Chapter 2 is complete! And let me tell ya, writing a cohesive book is nothing like writing even five columns a week. It’s not nearly as easy!
In this chapter, I talk about how 2006 was the last good year for newspapers and thus, the last opportunity to make some sort of effort to sttave off the impending print media decline. But despite a plethora of farsighted folks offering the kinds of suggestions that look eminently sensible in 2015, newsrooms were immune to any sort of introspective capacity or the need to change and adapt.
So here’s my explanation for the underlying current that created this bizarre dynamic in which the folks charged with calling out the rest of us couldn’t apply that same scrutiny to themselves:
And I wasn’t nearly the only one proffering these kinds of propositions either, but putting forth anything that involved any kind of introspection or internal change was an exercise in futility.
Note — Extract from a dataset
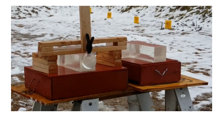
FIG. 2—Experimental design. Experimental group is on the left, and control is on the right.

The ballistics experiment was conducted at a dedicated outdoor firearm range on a single day in December 2016. Range elevation was 5523 feet, and outside temperature was 38°F. Distance from firearm to gel was fixed at 8.0 feet for safety, and a range safety officer was present for the duration of the experiment. Implant and nonimplant shots were taken in pairs approximately 15 sec apart, and the experimental design was subsequently reset. The experimental design and execution in a representative implant and nonimplant pair are shown in Video S1.

It was like asking Kim Kardashian to keep her clothes on.
You see, much like India’s caste system, newsrooms were prone to a bizarre kind of hierarchy that made improvement virtually impossible. We’ve previously touched on those strata in chapter one.
Before the pervasive print media layoffs completely changed the dynamic, the Untouchables consisted of the stringers and freelancers. The reporters were the Shudra, followed by the Vaishiyas or section editors, then the managing editors or Ksatriya, and lastly, the publishers, executives, and owners made up the Brahmin class.
It’s not that these ‘castes’ didn’t communicate or interact with each other because they did. It was that those interactions were selectively filtered.
For example, if a freelancer made any kind of suggestion, it was summarily dismissed simply based on the source. Most reporters had their finger directly on the public’s pulse, but more often than not, the section editors shot their content ideas down. Some of my managing editors came up with phenomenal proposals to increase readership, but since it wasn’t the publisher’s idea…
And so forth and so on.
Remember former managing editor Greg Rivara? The one who got me into this mess? He used to call it “managing up.” In other words, in order to get anything done or change anything at a newspaper, not only did you have to do your damndest to keep your immediate superior from making yet another disastrous decision, but you had to convince them that any new concept was theirs before it would even be considered.
So the bottom line was, nothing changed. It was a happy obliviousness.